What is needed:
Although the records contain pictures, none belong in the copy: restate word for word only the lines from the one with "地球形成于大约45.5亿年前" through the one with "This super flattering", both included.

____ Raw data

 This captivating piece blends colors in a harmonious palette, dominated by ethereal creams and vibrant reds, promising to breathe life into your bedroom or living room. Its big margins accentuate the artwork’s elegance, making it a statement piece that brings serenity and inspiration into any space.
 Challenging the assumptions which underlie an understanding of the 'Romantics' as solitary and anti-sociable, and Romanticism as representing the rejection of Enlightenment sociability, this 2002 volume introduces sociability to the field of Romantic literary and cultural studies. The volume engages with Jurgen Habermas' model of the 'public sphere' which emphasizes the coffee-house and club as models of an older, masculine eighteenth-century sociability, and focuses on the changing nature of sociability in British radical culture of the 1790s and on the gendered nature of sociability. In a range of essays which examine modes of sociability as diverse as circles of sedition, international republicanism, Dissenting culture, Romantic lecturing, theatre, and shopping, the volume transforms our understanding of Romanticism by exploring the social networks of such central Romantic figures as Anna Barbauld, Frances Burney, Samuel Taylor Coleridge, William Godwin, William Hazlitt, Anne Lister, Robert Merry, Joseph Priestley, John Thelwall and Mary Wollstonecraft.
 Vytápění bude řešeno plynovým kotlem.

________
____ Raw data

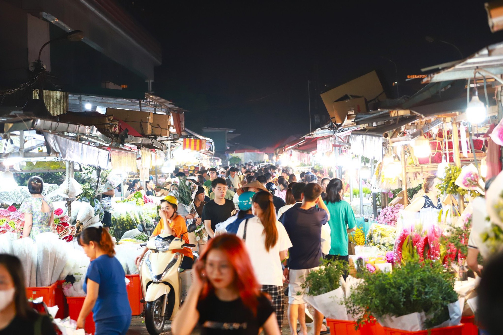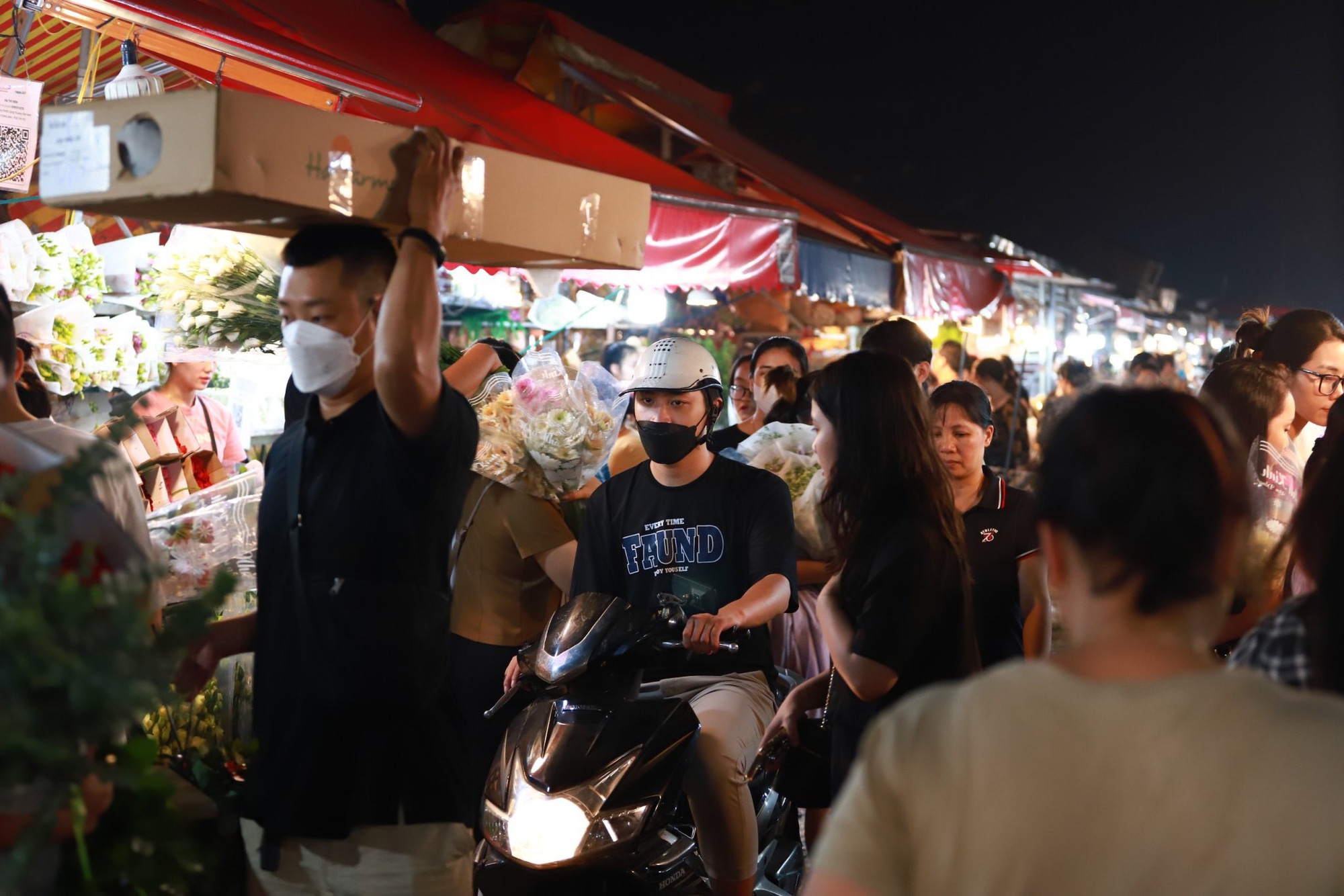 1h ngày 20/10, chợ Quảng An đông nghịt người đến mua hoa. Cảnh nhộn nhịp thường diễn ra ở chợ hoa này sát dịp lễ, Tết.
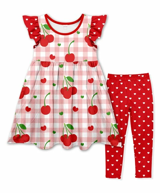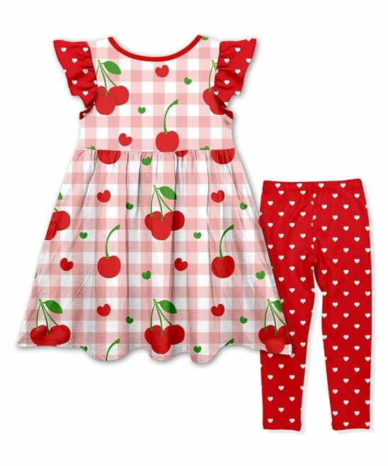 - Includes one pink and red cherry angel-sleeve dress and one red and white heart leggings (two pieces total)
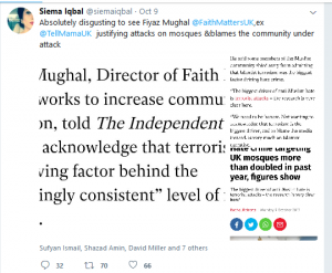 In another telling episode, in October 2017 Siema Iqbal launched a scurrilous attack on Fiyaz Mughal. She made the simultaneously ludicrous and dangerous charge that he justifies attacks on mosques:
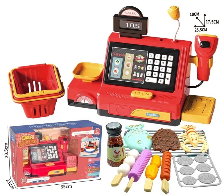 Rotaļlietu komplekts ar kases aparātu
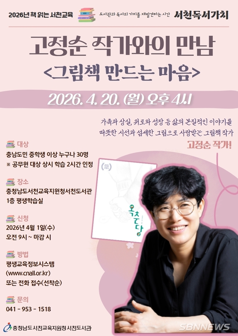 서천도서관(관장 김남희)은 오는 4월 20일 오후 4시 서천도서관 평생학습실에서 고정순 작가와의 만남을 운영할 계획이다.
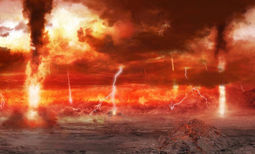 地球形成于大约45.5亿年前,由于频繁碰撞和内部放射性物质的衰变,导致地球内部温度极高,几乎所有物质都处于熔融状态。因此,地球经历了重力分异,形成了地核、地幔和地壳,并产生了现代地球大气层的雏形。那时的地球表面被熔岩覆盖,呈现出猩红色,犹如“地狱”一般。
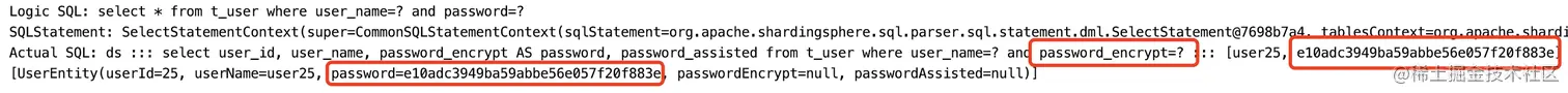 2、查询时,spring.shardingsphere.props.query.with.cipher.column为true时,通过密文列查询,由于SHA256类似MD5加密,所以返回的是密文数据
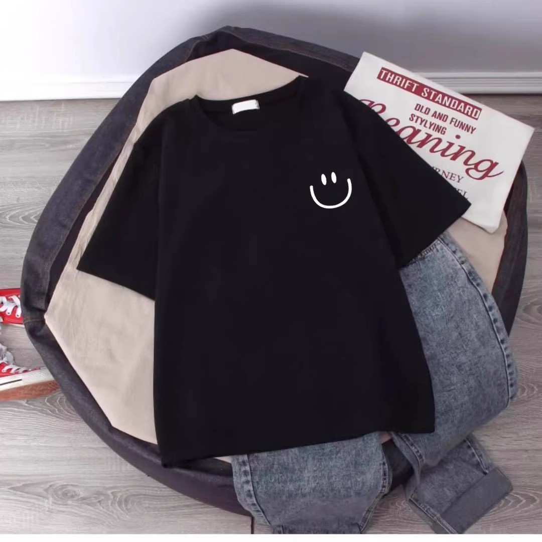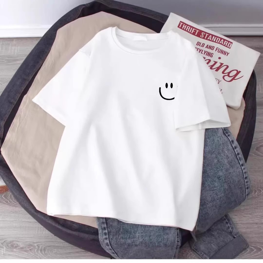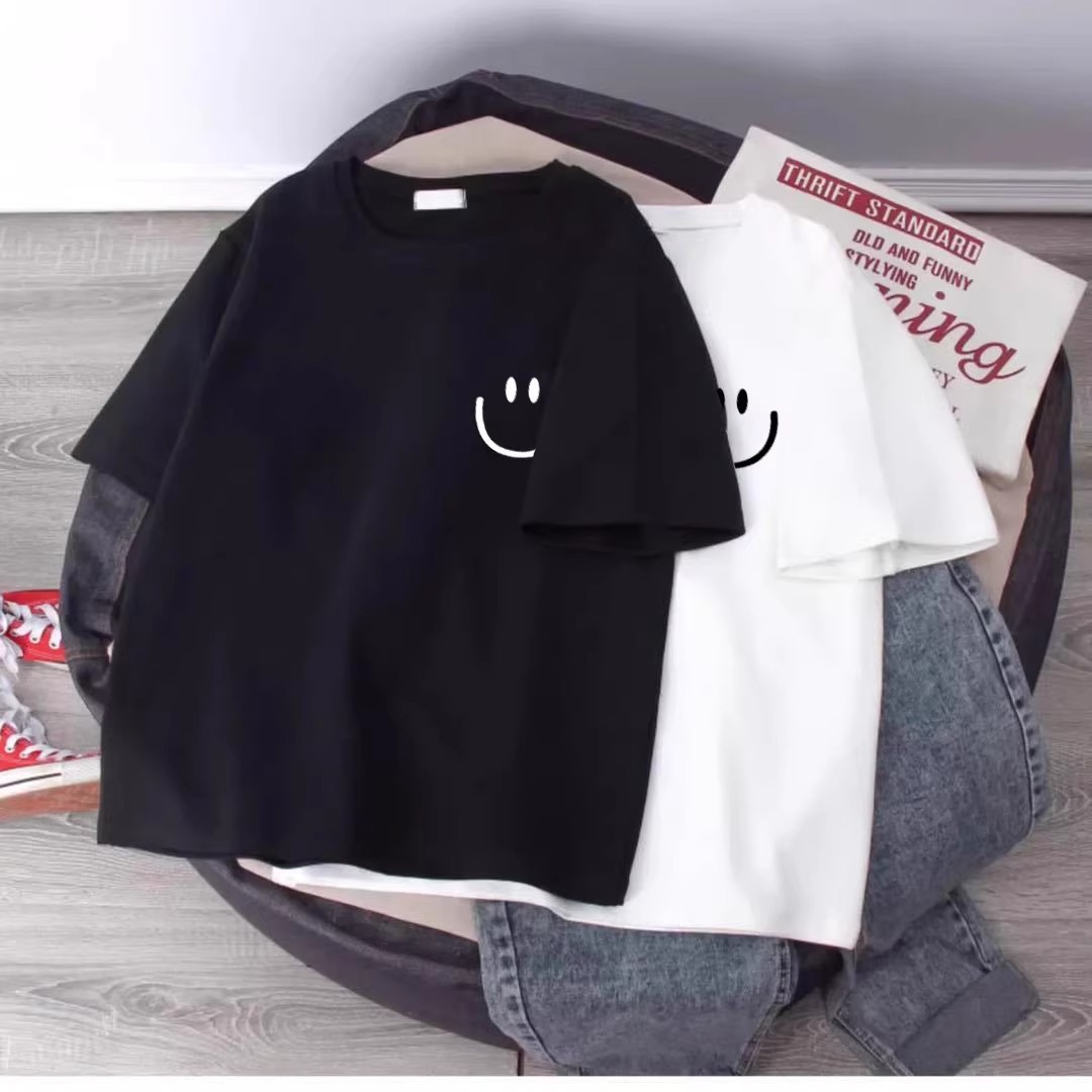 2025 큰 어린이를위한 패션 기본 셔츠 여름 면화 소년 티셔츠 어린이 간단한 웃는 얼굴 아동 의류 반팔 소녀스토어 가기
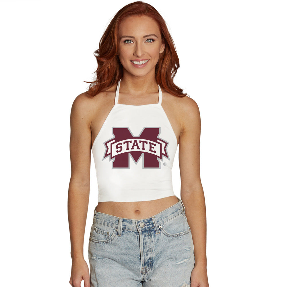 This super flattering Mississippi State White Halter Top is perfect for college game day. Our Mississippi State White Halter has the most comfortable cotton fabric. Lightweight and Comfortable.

________

Response for this exercise:
 地球形成于大约45.5亿年前,由于频繁碰撞和内部放射性物质的衰变,导致地球内部温度极高,几乎所有物质都处于熔融状态。因此,地球经历了重力分异,形成了地核、地幔和地壳,并产生了现代地球大气层的雏形。那时的地球表面被熔岩覆盖,呈现出猩红色,犹如“地狱”一般。
 2、查询时,spring.shardingsphere.props.query.with.cipher.column为true时,通过密文列查询,由于SHA256类似MD5加密,所以返回的是密文数据
 2025 큰 어린이를위한 패션 기본 셔츠 여름 면화 소년 티셔츠 어린이 간단한 웃는 얼굴 아동 의류 반팔 소녀스토어 가기
 This super flattering Mississippi State White Halter Top is perfect for college game day. Our Mississippi State White Halter has the most comfortable cotton fabric. Lightweight and Comfortable.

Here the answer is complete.